Opprimé par le fleuriste qui l’emploie, Seymour cultive en secret une plante exotique et puante qu’il a baptisée du prénom de sa jolie collègue. Aussitôt dévoilée à la boutique, la verte Audrey attire une clientèle croissante et procure à Seymour une flatteuse célébrité. Problème : l’étrange végétal s’avère carnivore…
Le film américain de 1960, signé Roger Corman, est une comédie d’horreur dont le succès inspira à deux collaborateurs des Studios Disney, l’auteur Howard Ashman et le compositeur Alan Menken, la comédie musicale Little Shop of Horrors. Créée en 1982 à Broadway (Off-Broadway), elle a gardé l’affiche pendant cinq ans d’affilée et à son tour inspiré un film musical à Frank Oz, en 1986.
Cette production imaginée par Maxime Pascal, et mise en scène par Valérie Lesort et Christian Hecq, poursuit la tradition de la comédie musicale, dans une version française d’Alain Marcel, et à grand renfort de surprises scéniques. Les artistes de la Nouvelle Troupe sauront faire hurler de rire et d’horreur le public de la salle Favart, dans un spectacle déjanté et familial.
Notre avis : Avant de travailler ensemble pour les studios Disney (La Petite Sirène, La Belle et la Bête, ainsi qu’une partie d’Aladdin) le duo Howard Ashman (parolier) et Alan Menken (compositeur) avait créé La Petite Boutique des horreurs, inspirée d’un film éponyme des années 60, dans une petite salle à New York en 1982 avec seulement trois musiciens. Le spectacle s’est joué dans divers théâtres pendant plus de cinq ans et a été adapté au cinéma par Frank Oz en 1986. Quarante ans après sa création en Off-Off-Broadway, et plusieurs reprises à Londres et à New York, la comédie musicale fait ses débuts à l’Opéra Comique. Sans prendre une ride, cette fable grand-guignolesque et décalée déborde d’inventivité et de drôlerie.
La traduction et l’adaptation par Alain Marcel, qui avait déjà proposé une version française en 1986 jouée au Théâtre Libertaire à Paris (actuel Déjazet), est remarquable ; elle évite la vulgarité tout en conservant le côté irrévérencieux et kitsch de la version originale. La mise en scène de Valérie Lesort et Christian Hecq fourmille d’idées et de trouvailles visuelles pour assurer une narration fluide sans aucune baisse de régime. Du quartier lugubre à l’évolution de la plante, tout est savamment illustré et réglé dans les moindres détails. La partition musicale a été réorchestrée par Arthur Lavandier pour un effectif plus important qu’à la création (le plus important à ce jour pour cette œuvre) mais, à la demande d’Alan Menken, il a pris soin de garder le côté intimiste d’une petite formation pour rester plus proches des « petites gens » dont parle le spectacle. Le résultat est formidable et l’orchestre dirigé par Maxime Pascal fait très bien ressortir l’aspect jazz band voulu par le compositeur.

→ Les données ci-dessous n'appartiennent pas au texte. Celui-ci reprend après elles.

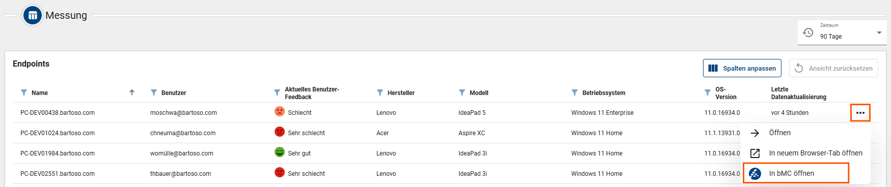 Sofern auf einem Endpoint auch ein baramundi Management Agent (bMA) installiert ist, können Sie diesen aus baramundi perform2work heraus direkt im bMC öffnen.

Les chanteurs sont tous parfaits dans leurs rôles. Ils interprètent des personnages stéréotypés, ils osent aller au bout de la caricature pour notre plus grand bonheur, sans jamais tomber dans l’hystérie. Marc Mauillon excelle en Seymour timide et naïf, et forme avec Judith Fa (Audrey) un couple tendre et touchant. Damien Bigourdan s’en donne à cœur joie et prend un malin plaisir à persécuter Seymour ou Audrey dans chacun de ses multiples rôles, tout comme Lionel Peintre (Monsieur Mushnik) qui joue à fond la carte du rustre. Le trio aux notes gospel formé par Sofia Mountassir, Laura Nanou et Anissa Brahmi est très uni. Traité comme un chœur antique qui commente l’action (principe qu’Alan Menken reprendra dans le dessin animé Hercule), il apporte beaucoup de rythme et d’énergie. La grande qualité du casting se ressent autant dans l’homogénéité théâtrale que vocale malgré les origines diverses (lyrique, comédie musicale, théâtre) des différents interprètes.
Mais si bien entourée qu’elle le soit, la réussite ne serait pas la même sans une plante aussi expressive. Créée par Carole Allemand et manipulée avec précision par Sami Adjali, elle évolue au fil du spectacle en faisant ressentir dans tout son corps chacun de ses sentiments. Pour finir de lui donner vie, Daniel Njo Lobé lui prête sa voix avec malice et révèle grâce à elle un talent de chanteur insoupçonné.
Cette première comédie musicale à l’Opéra Comique est une grande réussite et nous espérons que la programmation audacieuse de cette maison n’en restera pas à un coup d’essai.
Pour ma part, j’aurais juré avoir vu la version de 1986 au Théâtre de la Porte Saint Martin.